In the presently preferred embodiment, the array of central support pillars 40 positioned along the center of support cushion 14 comprises 32 columns by 14 rows for a total of 448 discrete support pillars. The two sets of edge row pillars 42 which border central support pillars 40, each comprise 32 discrete support pillars. Central support pillars 40 present 2 inch by 2-inch top surfaces in the preferred embodiment as described in more detail below; edge row pillars 42 present 2 inch by 3.5 inch top surfaces. These dimensions provide overall dimensions of approximately 35 inches by 64 inches for body support cushion 14. Variations are possible in the overall size of support cushion 14 by adding or removing rows of central support pillars 40 to vary the width of embodiment 10, and/or by adding or removing columns of central support pillars 40 bounded by edge row pillars 42 to vary the length thereof. As is referenced elsewhere herein, the size of the pillars 40 from the plan view may vary to some degree, although approximately two inches by two inches plus or minus about a half inch is preferred, though central pillars ranging from about 1 inch square to about 4 inches square could be used in various applications of the present invention, particularly if the mattress thickness is increased, for example to possibly 9 inches for a home health care product, or even possibly to as much as 12 inches for a hyperbaric mattress.

While there is no requirement that the pillars in the top and bottom surfaces be in registry, or even be equal in shape or size, such congruity is likely to provide operational efficiencies, and is therefore presently preferred. One manner wherein the top and bottom surface pillar array embodiment differs from the top surface only pillar array, is the increased importance of lateral support to the bottom surface of cushion 14, in order to maximize the durability of the embodiment 10. As discussed above, this can be enhanced through lamination of cushion 14 to the base, or by the provision of a perimeter support, not shown.

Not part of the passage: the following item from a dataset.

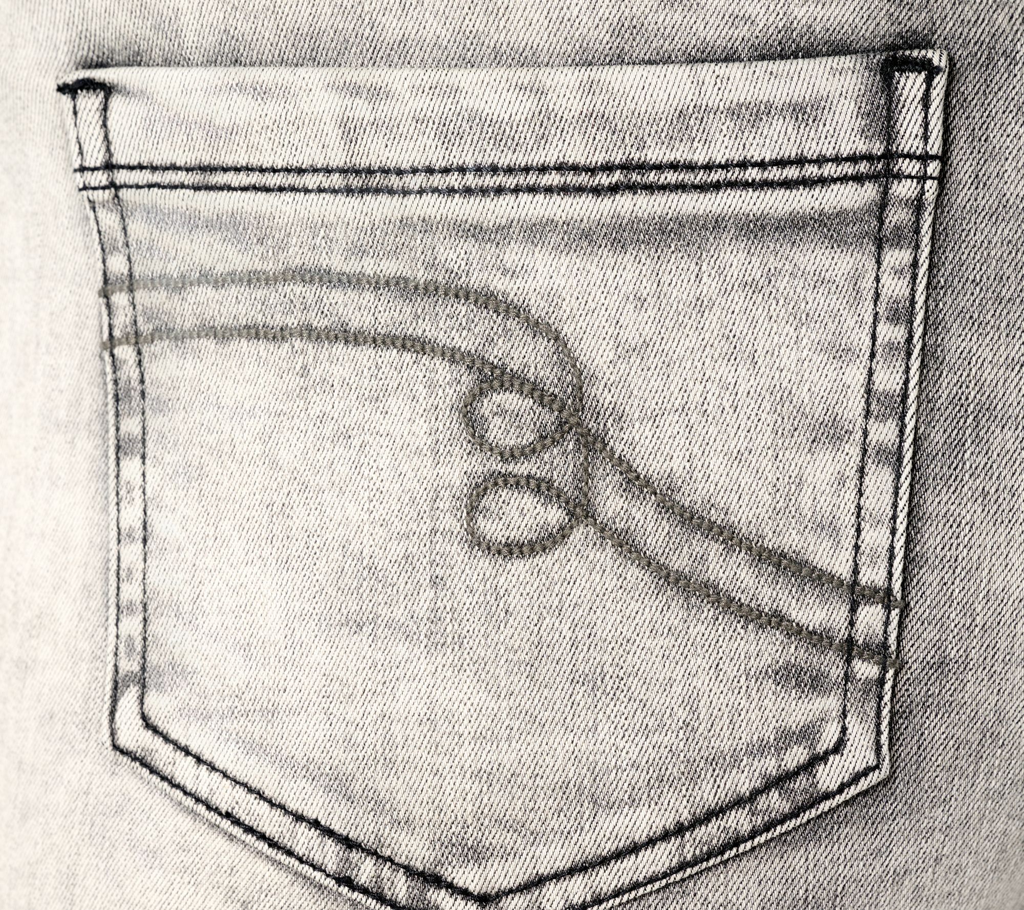 Features: pull-on style, wash effect, front scoop pockets, belt loops, back patch pockets, elastic waistband, faux fly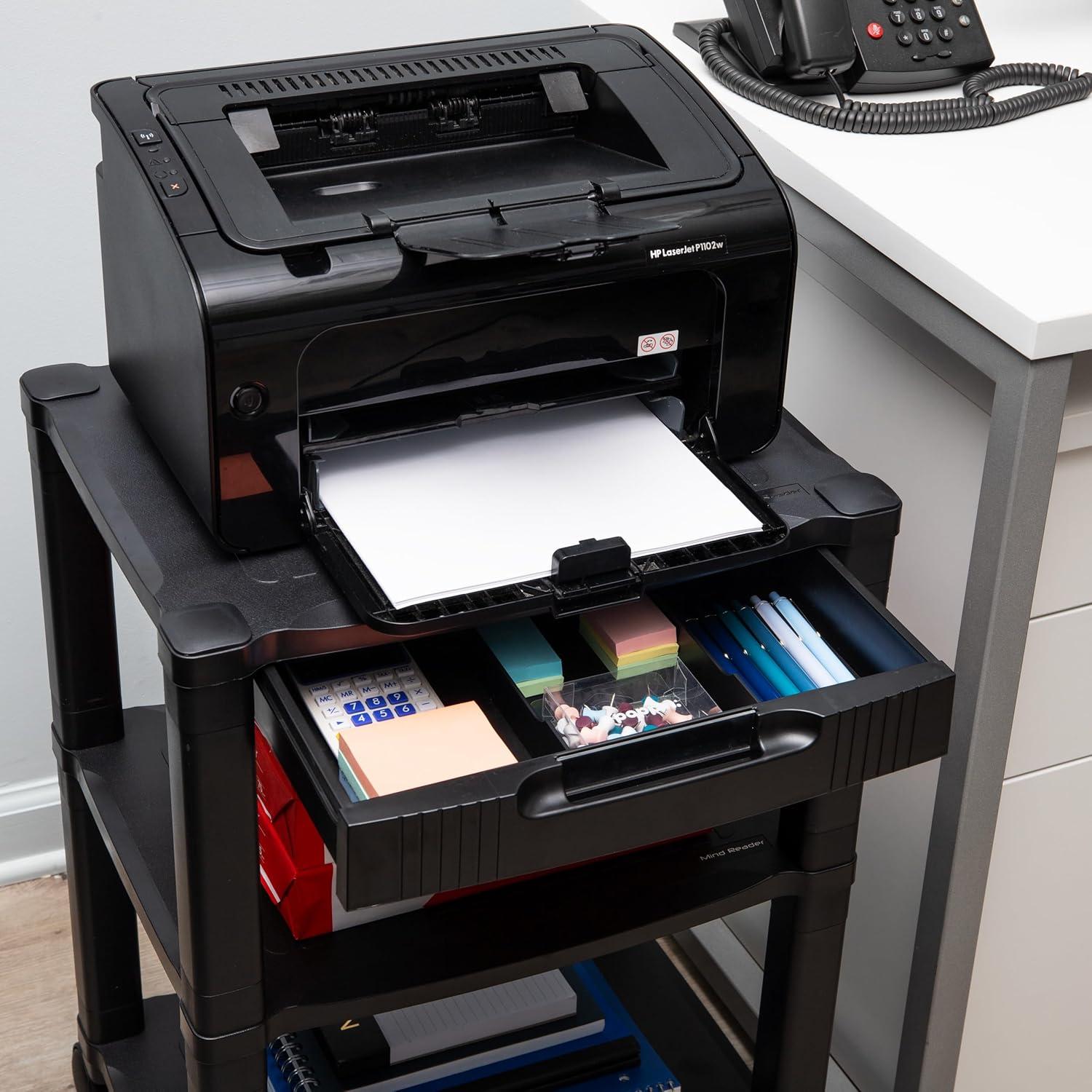 The top tier of the cart includes a drawer for holding smaller items such as pens, markers, clips, ink, and other work essentials. The printer cart drawer has compartment spacers that keep items separate and securely in place.

FIG. 2b is a side view of the structure of body support cushion 14 of the present invention showing the manner in which the array of central support pillars 40 are cut into top surface 30 of body support cushion 14. The dashed line in FIG. 2b indicates the approximate depth to which the cuts in top surface 30 are made into the solid rectangular body structure 34 of support cushion 14. An exemplary row of foam pillars 40 is displayed.

FIG. 2c is an end view of support cushion 14 of the present invention showing a complete column of pillars comprising central support foam pillars 40, and two of edge row pillars 42. This dashed line also indicates the approximate depth of the cuts made in order to form the semi-independent foam pillars 40.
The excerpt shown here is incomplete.